RECORDS FOR THE EXERCISE:
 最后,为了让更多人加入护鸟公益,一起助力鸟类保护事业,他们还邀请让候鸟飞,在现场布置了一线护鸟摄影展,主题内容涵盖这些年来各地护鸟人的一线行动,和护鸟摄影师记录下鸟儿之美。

...

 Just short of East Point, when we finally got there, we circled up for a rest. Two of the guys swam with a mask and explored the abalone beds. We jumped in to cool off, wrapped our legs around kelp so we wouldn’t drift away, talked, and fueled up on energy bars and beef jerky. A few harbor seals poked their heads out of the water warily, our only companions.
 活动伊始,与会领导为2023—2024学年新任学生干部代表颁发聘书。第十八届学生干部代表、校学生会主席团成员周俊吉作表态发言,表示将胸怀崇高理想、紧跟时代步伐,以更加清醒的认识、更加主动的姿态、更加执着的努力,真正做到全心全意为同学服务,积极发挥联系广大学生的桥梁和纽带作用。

* * *

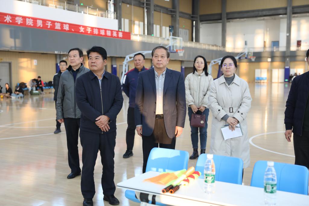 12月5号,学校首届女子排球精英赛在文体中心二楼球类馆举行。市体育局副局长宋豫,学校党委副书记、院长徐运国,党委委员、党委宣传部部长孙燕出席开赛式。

EXERCISE AIM:
Every line above from the line with "Just short of" to the line with "活动伊始,与会领导为2023", inclusive, must be returned exactly; no other line belongs in the reply.

WRITTEN SOLUTION:
 Just short of East Point, when we finally got there, we circled up for a rest. Two of the guys swam with a mask and explored the abalone beds. We jumped in to cool off, wrapped our legs around kelp so we wouldn’t drift away, talked, and fueled up on energy bars and beef jerky. A few harbor seals poked their heads out of the water warily, our only companions.
 活动伊始,与会领导为2023—2024学年新任学生干部代表颁发聘书。第十八届学生干部代表、校学生会主席团成员周俊吉作表态发言,表示将胸怀崇高理想、紧跟时代步伐,以更加清醒的认识、更加主动的姿态、更加执着的努力,真正做到全心全意为同学服务,积极发挥联系广大学生的桥梁和纽带作用。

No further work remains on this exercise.